TBC atau TB (tubercle bacillus) sangat sering terjadi dan penyakit infeksi letal yang disebabkan oleh berbagai rantai virus mycobacteria, khususnya Mycobacterium Tuberculosis. Simptom klasik pada TB adalah batuk kronis dengan sputum bercampur darah, demam, berkeringat malam, dan kehilangan berat (consumption). Terapi untuk penyakit ini sulit dan membutuhkan waktu lama dengan multipel antibiotik, tidak hanya itu perawatan dan skrening pada kontak sosial juga dibutuhkan. Salah satu terapi yang digunakan adalah terapi antibiotik dengan menggunakan rifampicin. Namun, dalam terapi tuberkulosis ditemukan adanya adverse drug reaction yang juga memiliki manifestasi klinis yang buruk pada pasien. Adanya adverse drug reaction merupakan kejadian yang bervariasi pada setiap individu dikarenakan perbedaan imunologis individu dalam merespon suatu allergen yang dalam konteks ini adalah obat obatan.

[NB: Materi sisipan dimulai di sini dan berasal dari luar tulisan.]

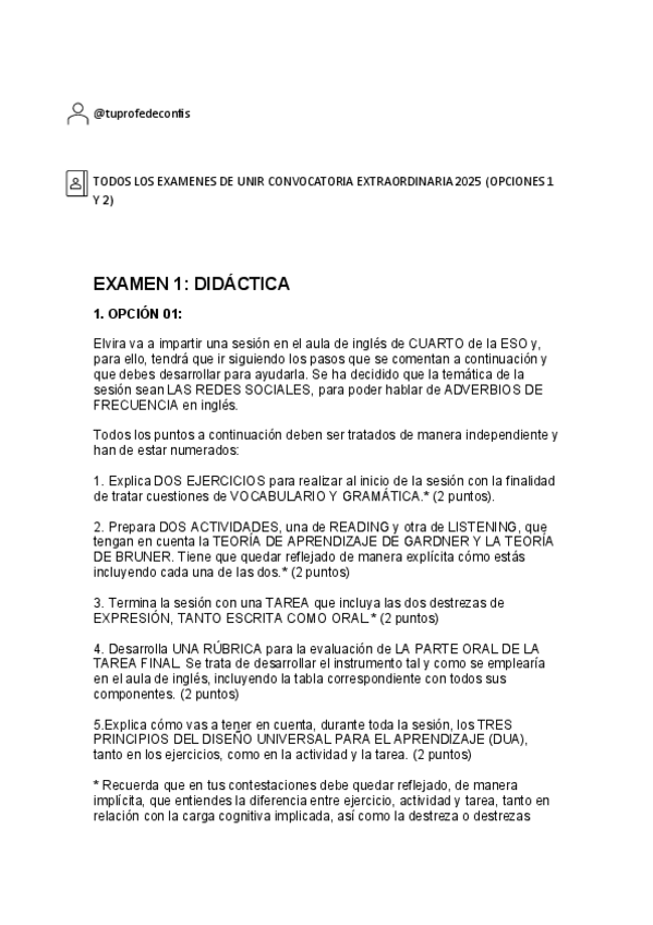En este PDF podréis encontrar los exámenes de todas las asignaturas de la convocatoria ordinaria del año 2025. Aparecen ambas opciones, y están sin resolver para que podáis practicar.
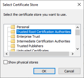The Select Certificate Store dialog box appears. - If the CA certificate is a root CA certificate, select Trusted Root Certification Authorities.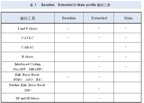 当今编码性能最好的视频编码国际标准H.264为ISO/IEC之下的MPEG标准组与ITU-TSG16之下的VCEG标准组联合组建的工作组JVT所制定,ITU称之为H.264,MPEG称之为MPEG-4Part10,此外还可以称为AVC、H.26L、JVT标准。JVT于2003年5月完成H.264基本部分标准制定工作,包含Baselineprofile、Extended profile和Main profile,分别包括不同的编码工具,如表1所示。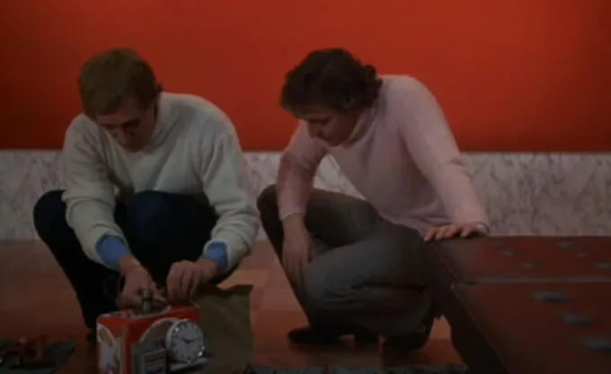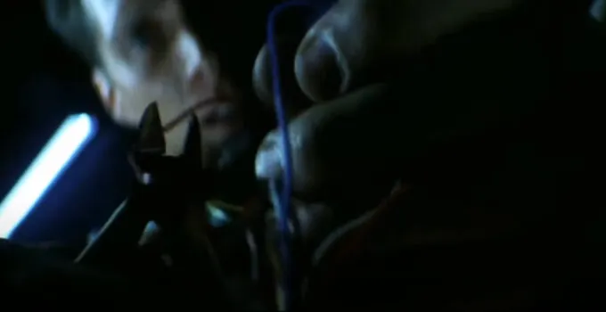 Красный и синий – противоположности: один теплый, другой холодный. Этот контраст нужен, чтобы подчеркнуть то, какой радикальный выбор стоит перед героем. Но самое главное в том, что с помощью разноцветных проводов режиссер может быстро и без слов объяснить зрителю, какие в сцене действуют правила и ставки.
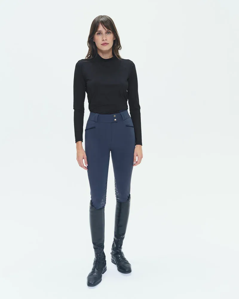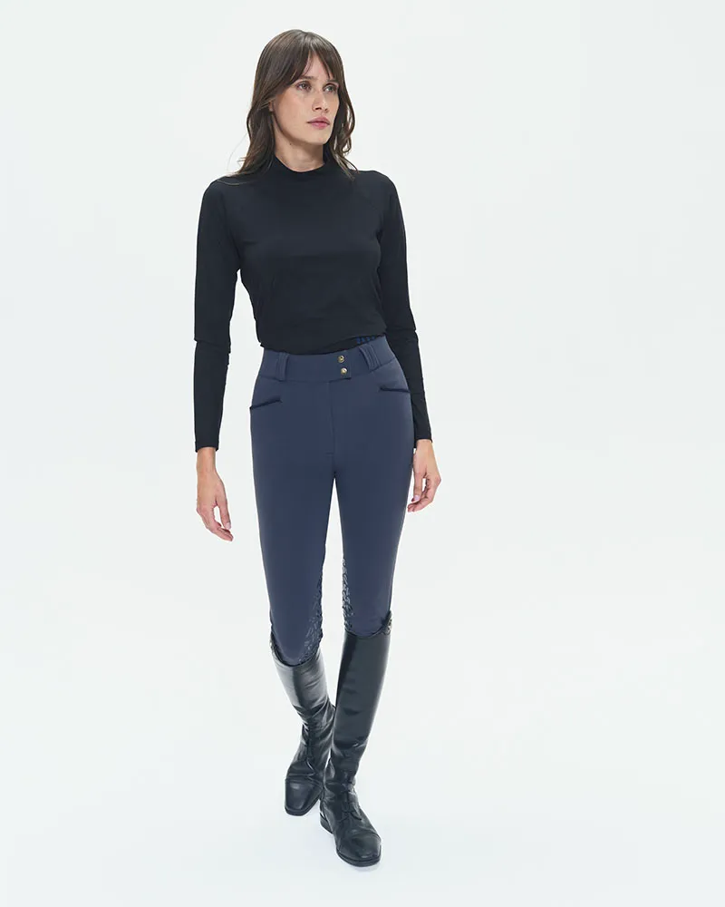 T-shirt technique léger d’équitation à manches longues, conçu pour les cavalières recherchant confort et performance. Avec son tissu italien ultra respirant, léger et protégeant des rayons UV, il offre une coupe cintrée et un col montant idéal pour l’équitation. Disponible en café, noir et marine, ce modèle allie élégance et praticité grâce à son entretien […]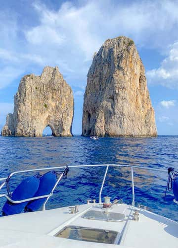 We will reach the most important and characteristic places, such as the Grotta Bianca, the Grotta Verde, the Grotta del Corallo and the Punta Carena Lighthouse. The iconic Natural Arch and the famous Faraglioni, the symbol of Capri, cannot be missed. The visit to the Blue Grotto is not guaranteed, it will depend on sea conditions and waiting times; the cost of the entrance ticket will be payable locally (18€).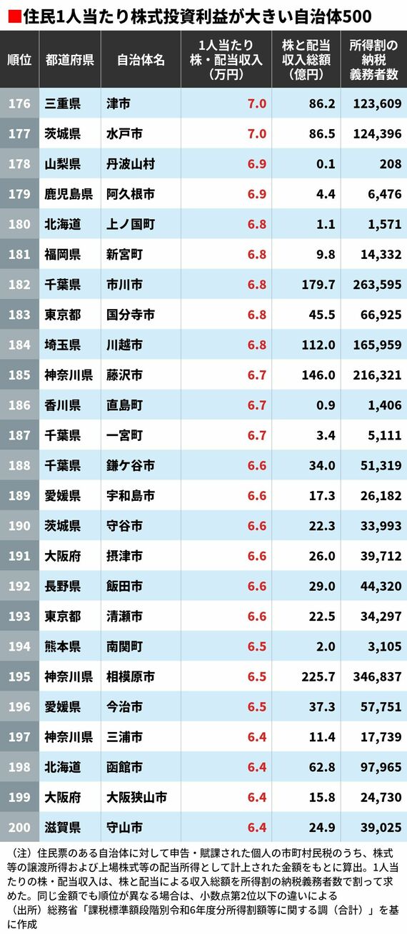 住民1人当たり株式投資の稼ぎが大きい自治体ランキング 5位は東京都渋谷区、4位は千葉県浦安市、ではトップ3は?

Untuk mengatasi adverse drug reaction pada terapi, dilakukan rapid desensitisasi. Desensitisasi merupakan suatu bentuk terapi dimana alergen-alergen diinjeksikan pada pasien dengan tujuan mengurangi atau menghilangkan respon alergi. Pada rapid desensitisasi, jumlah alergen yang diberikan ditingkatkan dengan waktu yang singkat selama beberapa menit atau jam sampai dosis maksimum yang diketahui atau sampai dosis toleransi maksimum tercapai. Setelah dosis maintenance ini tercapai, interval antar suntikan ditingkatkan secara bertahap dari menit ke jam dan dilanjutkan beberapa jam atau hari. Desensitisasi lebih banyak digunakan pada penyakit-penyakit yang diperantarai IgE-antibodi. Desensitisasi pada masing masing obat memiliki protokol dan variasi tersendiri. Untuk itu dalam pemberian rapid desensitisasi harus memperhatikan protokol yang ada dan memperhatikan indikasi dan efek samping dari desensitisasi tersebut.